CA: I find myself wondering why are industrial subsidies and even tariffs seen as a contradiction of trading principles in the first place. I guess another way of phrasing that would be: who defines the “free” in free trade?
AT: I think this is a brilliant point. It’s really a subtle and interesting one. And it’s one that trade theory began to grapple with really from the 1970s onward, which is precisely the question of whether it’s more than mere convention to say that wage costs, for example, are natural conditions that favor one country rather than other. Those are considered legitimate reasons for comparative advantage in a pattern of trade as opposed to policy interventions. Is our underlying norm of trade essentially one of a perfectly homogenous condition? Like a chess game, something like that, in which the sides are perfectly balanced, and then it’s just down to skill to decide the outcome? It’s an incredibly fragile set of distinctions, which are implied by these conventional understandings.

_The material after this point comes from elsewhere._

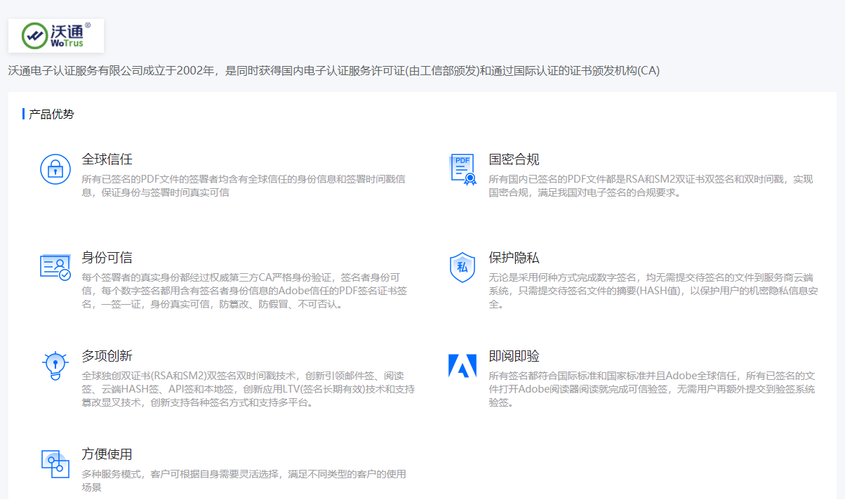 (3)我签电子签名服务是沃通CA及全资子公司密信技术共同推出的电子签名服务,是一个面向全球用户的全面创新的、方便快捷的电子文档数字签名服务和电子合同签署服务,所有文档和合同文件全部采用Adobe全球信任的PDF签名证书和国密合规的文档签名证书实现双签名和双时间戳,确保全球信任和国密合规。我签电子签名服务上线360智汇云“电子签章”应用频道,提供密信APP手动签署、公有API接口调用、软件应用安装、私有化部署等多种接入方式。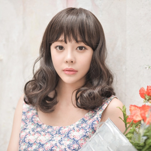 时尚看点:清新范十足的一款中长韩式梨花头造型,利用齐刘海很好的扣住了宽大的额头,通过两侧自然弧度达到修饰脸型的效果,再将梨花头营造出自然蓬松度,使得发型看起来不会呆板。

I mean, take advantageous geography. I’m in New York City right now, and obviously, in some ways, it has advantageous geography. We’re at the delta of the great Hudson River. In Manhattan, there’s this extraordinary island positioned in the middle of it. But obviously, it takes gigantic actions of investment, dredging, the construction of piers to create the possibility of taking advantage of this natural geography—to achieve and to turn New York into one of the world’s great ports. Now, in doing that, if you start out from the existing state of play, when you make those investments and build that infrastructure, you are changing the name of the game in global competition. That in and of itself creates the underlying geography. And the geography is then widely recognized as being absolutely acceptable as a differentiating factor. [Economist] Paul Krugman really made his reputation as a theorist in thinking about precisely these kinds of logics, how comparative advantage at any given moment is the product of path-dependent, historically conditioned patterns of development.
And the consequence of this is profoundly destabilizing to these kinds of simple distinctions between natural advantages and political distortions because what at any given moment appears to be a natural pattern of advantages and disadvantages is, on closer examination, the effect of history in every possible sense. And that potentially, of course, opens the door to a complete free for all. Because if you accept this logic, then really the distinction breaks down.